*** Input for this task Section Begins ***

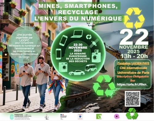 Dans le cadre de la Semaine Européenne de la Réduction des Déchets (SERD), LIDDFC organise une conférence intitulée "Mines, smartphones, recyclage: l'envers du numérique", pour comprendre les impacts du numérique sur l’environnement et les droits humains en République Démocratique, avec Fabien Lebrun, auteur de Barbarie numérique. Une autre histoire du monde connecté à partir de 18h à la Cité Universitaire de Paris (17 bd Jourdan, 75014 Paris).
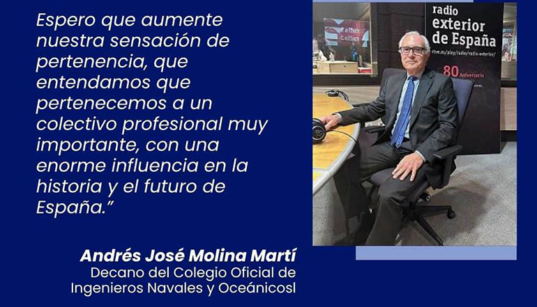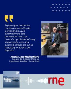 Primera entrevista al nuevo Decano del Colegio Oficial de Ingenieros Navales y Oceánicos, Andrés Molina Martí, que ha realizado en el programa de radio Españoles en la Mar de RNE.
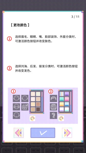 在选择眉毛、眼睛、嘴、脸部装饰、外套这些分类时,能够激活颜色按钮从而改变肤色。
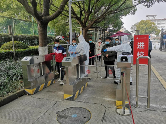 間隔一米有序排隊,人臉識別、體溫測量,一旦“發現”發燒學生立即啟動緊急處置流程……不久前,上海立信會計金融學院在浦東和松江兩個校區的校門口、食堂、圖書館、學生寢室、衛生室等區域,開展了寒假疫情防控應急處置演練活動,為校園安全保駕護航。
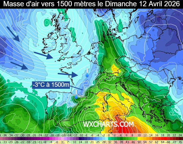 Après avoir enregistré des chaleurs records, la France se prépare à une chute vertigineuse des températures au cours de ce week-end des 11 et 12 avril 2026. Le flux basculera au secteur nord-ouest et amènera une masse d’air venue du nord de l’Atlantique. Ce dimanche 12 avril, la température de la masse d’air vers 1500 mètres passera sous le zéro sur une grande partie de la France et se situera aux alentours de -3°C entre les Pyrénées et le Massif Central.

*** Input for this task Section Ends ***

### Exercise description
Only the text is to be copied: please reproduce the records exactly and drop the pictures.

### Exercise response
 Dans le cadre de la Semaine Européenne de la Réduction des Déchets (SERD), LIDDFC organise une conférence intitulée "Mines, smartphones, recyclage: l'envers du numérique", pour comprendre les impacts du numérique sur l’environnement et les droits humains en République Démocratique, avec Fabien Lebrun, auteur de Barbarie numérique. Une autre histoire du monde connecté à partir de 18h à la Cité Universitaire de Paris (17 bd Jourdan, 75014 Paris).
 Primera entrevista al nuevo Decano del Colegio Oficial de Ingenieros Navales y Oceánicos, Andrés Molina Martí, que ha realizado en el programa de radio Españoles en la Mar de RNE.
 在选择眉毛、眼睛、嘴、脸部装饰、外套这些分类时,能够激活颜色按钮从而改变肤色。
 間隔一米有序排隊,人臉識別、體溫測量,一旦“發現”發燒學生立即啟動緊急處置流程……不久前,上海立信會計金融學院在浦東和松江兩個校區的校門口、食堂、圖書館、學生寢室、衛生室等區域,開展了寒假疫情防控應急處置演練活動,為校園安全保駕護航。
 Après avoir enregistré des chaleurs records, la France se prépare à une chute vertigineuse des températures au cours de ce week-end des 11 et 12 avril 2026. Le flux basculera au secteur nord-ouest et amènera une masse d’air venue du nord de l’Atlantique. Ce dimanche 12 avril, la température de la masse d’air vers 1500 mètres passera sous le zéro sur une grande partie de la France et se situera aux alentours de -3°C entre les Pyrénées et le Massif Central.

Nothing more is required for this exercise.